The DISCOMs will also assess the technical feasibility at the consumer’s drawal end, taking into account the consumer’s contract demand and the capacity of the existing evacuation system. Following a site inspection, the DISCOM will provide a feasibility report, addressing the status of project commissioning, the consumer’s drawal pattern and the physical condition and captive status of the project, the Chief Electrical Inspector to the Government (CEIG) approval status, and site photographs.
Project Clearance
Upon receiving the power evacuation approval from RVPN/DISOMs and after submission of the detailed project report, land documents, and technical feasibility report, along with the shareholding agreement of the consumer or a chartered accountant certificate (for captive consumers), and a copy of the power purchase agreement (PPA) or an undertaking in the case of third-party sale, the project will be deemed to have obtained in-principle clearance.
Developers must submit a security deposit of ₹100,000 (~$1,128)/MW to RREC. The final approval will be issued to the developer per the Rajasthan Integrated Clean Energy Policy (RICEP) 2024.
The developer must commission the project within the validity period of the power evacuation approval granted by RVPN/DISCOM/Central Transmission Utility (CTU).
Battery Energy Storage Systems
Per RICEP 2025, renewable energy projects exceeding 5 MW and seeking grid connection through STU or DISCOM networks are required to install a 5% BESS capacity without any extra charges of registration. If the developer is interested in installing BESS beyond 5% of renewable capacity, it must pay applicable registration charges.
Captive renewable energy projects with capacities exceeding 100% of the contract demand and up to 200% must install a BESS with a minimum storage capacity equivalent to 20% of the energy generated from the renewable capacity beyond 100% of the contract demand.
Registration charges, transmission, and wheeling charges for renewable projects with BESS will be exempted as per the prevailing policy and regulations, as amended from time to time.
Project Commissioning
Once the project is installed, the developer must submit a formal request to RREC, accompanied by the CEIG approval and all documents required to verify the captive status of the consumer, in cases of captive consumption.
After RREC verifies the captive status of the consumer, the proposal will be forwarded to the DISCOM concerned for the formation of a Commissioning Committee. This committee will oversee the commissioning of the project and issue the commissioning certificate. If the consumer fails to meet the required captive criteria, the corresponding project capacity will be classified as a third-party sale. The consumer will be liable to pay the applicable cross-subsidy surcharge and additional surcharge to the DISCOM, as well as renewable energy development and facilitation charges to the RREC.

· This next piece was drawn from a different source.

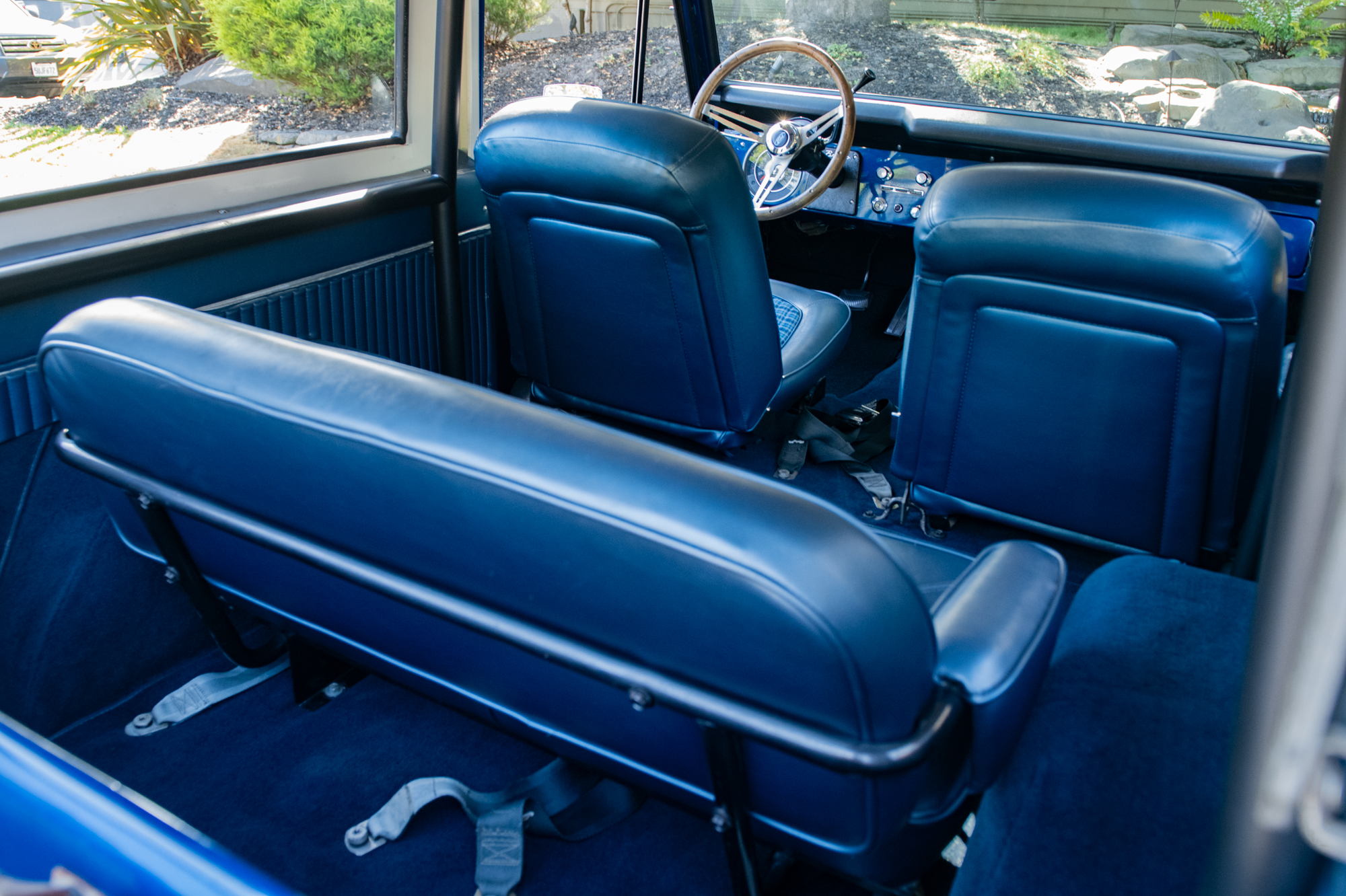 This particular Bronco was restored during its previous ownership between 2013-2023 and had been fitted with extensive desirable options. On the outside, the truck was repainted in Midnight Blue Metallic with a white removable top. The front bumper, grille, moldings, rubber seals, and windshield were replaced in the same year. In regards to safety, a roll bar had been added to the mix and in terms of utility usage, a trailer hitch, a swing-away rear tire carrier, and dual side mirrors were added. The truck currently sits on a suspension lift kit which is supported by 15” steel wheels, fitted with Firestone Destination tires.

The consumer must execute the transmission agreement with RVPN or CTU and also enter into the wheeling and banking agreement with the respective DISCOMs.

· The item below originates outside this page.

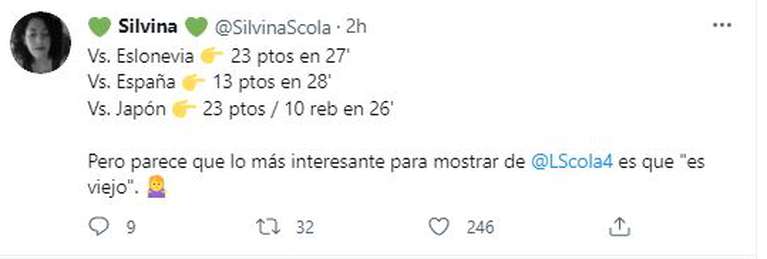 Quelques heures plus tard, le père et la soeur de Luis Scola sont montés au créneau pour critiquer la blague. Mario disant que c’était un manque de respect venant d’une page officielle, et Silvina, écrivant que « il semble que la chose la plus intéressante à montrer de @lscola4 est qu’il est vieux ».

Once the project is commissioned, the developer will request RREC to refund the security deposit. RREC will process and refund the security deposit in proportion to the commissioned capacity.
Annual Verification
The consumer must submit an annual verification of the project’s captive status to RREC. This verification must confirm compliance with the eligibility conditions, which include consuming at least 51% of the power generated and maintaining a minimum equity stake of 26% in the project. If the consumer fails to submit the required documents or does not meet the prescribed captive criteria, the project capacity will be reclassified as a third-party sale, attracting applicable charges.